The equation (4) for the active power transfer to the grid is a product of grid voltage magnitude, battery equivalent EMF, reciprocal of the impedance magnitude, and the sine of the power angle between the converter output voltage phasor and the grid voltage phasor. For small values of power angle as is typical of stable operation, this relationship is relatively linear allowing the use of proportional frequency-droop control where the V2G power injection is proportional to the measured grid frequency deviation.51,52 Research on droop-based frequency regulation with aggregated EV fleets has shown improvement in the frequency nadir of 18–34% during simulated generation contingencies, with fleet sizes of 500 or larger vehicles offering statistically significant frequency regulation in all scenarios. 53
Peak demand reduction is the most commercially advanced V2G service, due to the relatively long timescale (hourly) of daily load curve management compared to millisecond response required for frequency regulation. 54 Optimisation-based EV charging scheduling algorithms that transform charging demand by minimising peak-to-average power ratio by shifting EV charging loads to off-peak periods and adjusting the SOC of the EV battery fleet to deliver peak reduction power during peak demand periods have achieved 28 to 41% reduction in peak demand compared to uncontrolled charging demand scenarios.55,56 Integration with renewable energy increases this effect by allowing midday PV power to be stored in EV fleets and discharged to the grid or building loads during peak periods in the evening, creating a virtual power plant from the parking lot fleet.57,58
The bidirectional V2G power flow control with communication hierarchy is shown in Figure 3.

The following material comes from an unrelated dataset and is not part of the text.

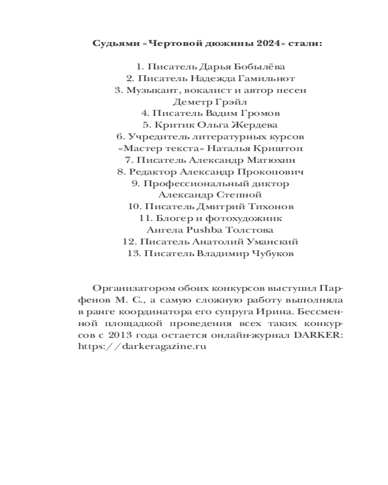 Серия: Самая страшная книга Спросите — с чего начинался практически ВЕСЬ современный русский хоррор? Ответ — DARKER. Онлайн-журнал, выпускающийся каждый месяц с 2011 года и по сей день. Российский фэнзин, отмеченный наградами крупнейшего мирового фестиваля «Еврокон» и премии «Мастера ужасов». Спросите — с чего начинали практически ВСЕ мало-мальски известные авторы современного русского хоррора? Ответ — «Чертова дюжина». По-настоящему культовый конкурс страшных рассказов, один из старейших, самых престижных и самых уважаемых в Рунете. |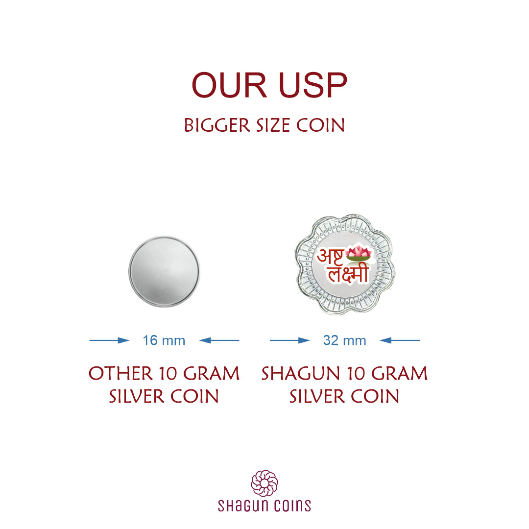 Each coin is designed with a larger surface area than standard coins of the same weight, giving them a standout, luxurious appearance. Whether it’s a wedding, baby shower, housewarming, festival, or return gift — this silver coin set expresses blessings more meaningfully than an envelope of money ever could.

Bidirectional vehicle-to-grid energy flow control architecture with communication layers.
Standardisation of communication protocols is a key enabler for V2G deployment. The ISO 15118 standard specifies the communications protocol between the vehicle and the charging system for the combined charging system, enabling vehicle-grid charging parameter negotiation, authentication, metering, and V2G power scheduling. The Open Charge Point Protocol defines the communication between a charging station management system and charge points, and the OpenADR protocol enables automatic demand response with the utility system.59,60 Although these standards are defined, there is still a lack of interoperability between different manufacturers’ vehicles and equipment and different utilities’ energy management systems in practice, with field trial reports of V2G session success rates of only 72 to 84% with mixed equipment. 61
Lithium-ion battery degradation is the largest obstacle to the acceptance of V2G operation by users. Lithium-ion batteries’ cycle life is shortened by calendar aging (caused by time and temperature) and cycle aging (caused by charge-discharge depth and rate). V2G cycling increases the effective rate of battery cycling over the original transportation use case, and may shorten battery life, leading to a financial disincentive for vehicle owners.62,63 V2G studies on degradation impacts have reported higher capacity fade rates (1.8–4.3% per year) for V2G active participants relative to vehicles that are only charged for transportation (0.9–2.1% per year) over similar annual mileage patterns. 64 V2G operating strategies that account for degradation and avoid deep discharge, high rate power delivery at low and high SOC, and include feedback from thermal management, have reduced this gap to 0.4 to 1.1 percentage points per year in simulation studies, indicating a significant mitigation effect that needs hardware testing.65,66
Data privacy and cybersecurity are increasingly recognised as critical concerns in V2G communication systems. The exchange of vehicle SOC, location, and energy transaction data over OCPP and ISO 15118 channels creates exposure to eavesdropping and data harvesting. Emerging research has proposed end-to-end encryption at the application layer and anomaly detection algorithms that flag abnormal charging session patterns as potential intrusion indicators, though standardised cybersecurity annexes to existing V2G protocols remain under development.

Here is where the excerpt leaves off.